Even though ML-MCTDH methods can often yield compact representations of the many-body wave function, they too cannot escape the exponential scaling of computational complexity as the number of particles increases or when strong correlations in the system require numerous basis functions in order to obtain accurate results. In recent years, various different approaches have been proposed to tackle this problem and reduce the numerical effort. Unfortunately, these schemes cannot be easily transferred to ultracold atom setups or are unable to adapt to non-trivial dynamics. Hence, a novel dynamical pruning approach targeting bosonic particles is developed in the scope of the present thesis. The scheme automatically selects the most relevant many-body states and adapts to the time-evolution of the system. The algorithm is benchmarked using two typical scenarios motivated from ultracold atom physics and found to capture the physics accurately while significantly reducing the computational effort in some cases.

A particularly fascinating aspect of quantum simulation is the emulation ultrafast processes such as electronic dynamics with slower-moving atomic particles. In light of this strategy, controlled collisions of ultracold atoms confined in moving potential wells may serve as a test bed to unravel the fundamental processes in atom-atom collisions by taking on the role of electrons. Furthermore, similar scenarios have been proposed as a means to generate entanglement and implement quantum gates in the context of quantum computing. Therefore, the second focus of the present dissertation is to investigate the nonequilibrium dynamics of bosonic particles in colliding potential wells which can be realized experimentally using optical tweezers. This study illuminates the main signatures of the dynamics such as entanglement build-up as well as the transport and untrapping of particles.

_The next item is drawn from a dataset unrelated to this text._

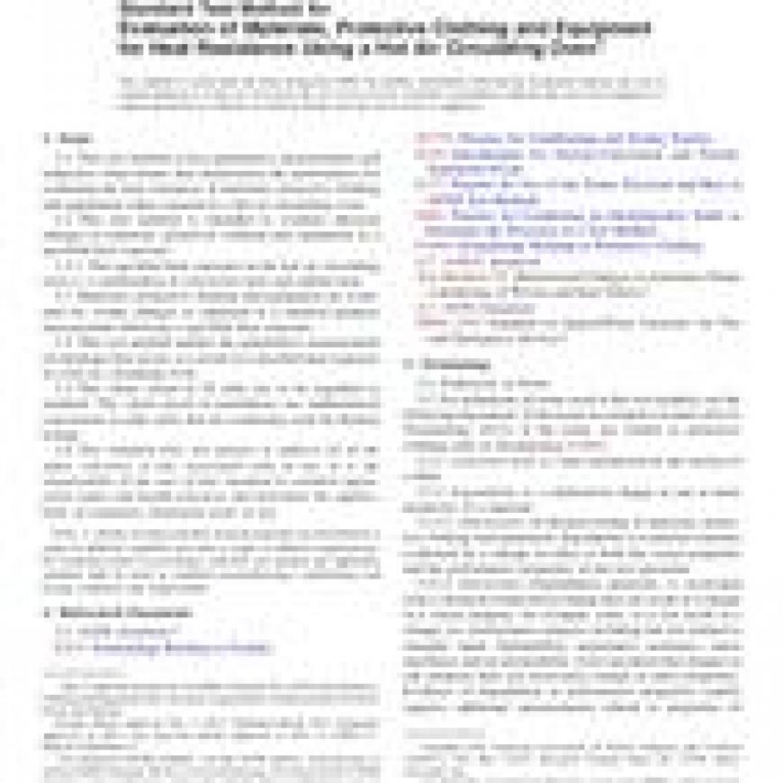 ASTM F2894-12 Standard Test Method for Evaluation of Materials, Protective Clothing and Equipment for Heat Resistance Using a Hot Air Circulating Oven

Quantum spin models are relevant in many areas of physics such as quantum information or condensed matter physics and have been realized experimentally using ultracold atoms or in the related field of Rydberg atoms, among others. The theoretical description of these systems is often challenging, especially when disorder comes into play. Disorder can result in a high level of degeneracy in the low-energy spectrum and the violation of the so-called area law of entanglement entropy which is a fundamental assumption of many numerical approaches, such as those based on matrix product states. The present thesis studies how the ML-MCTDH method can handle such scenarios by computing the ground states of different disordered models and comparing the results with other established numerical approaches. ML-MCTDH is found to yield accurate results even in the presence of strong disorder and should be considered as another promising approach for the investigation of quantum spin systems.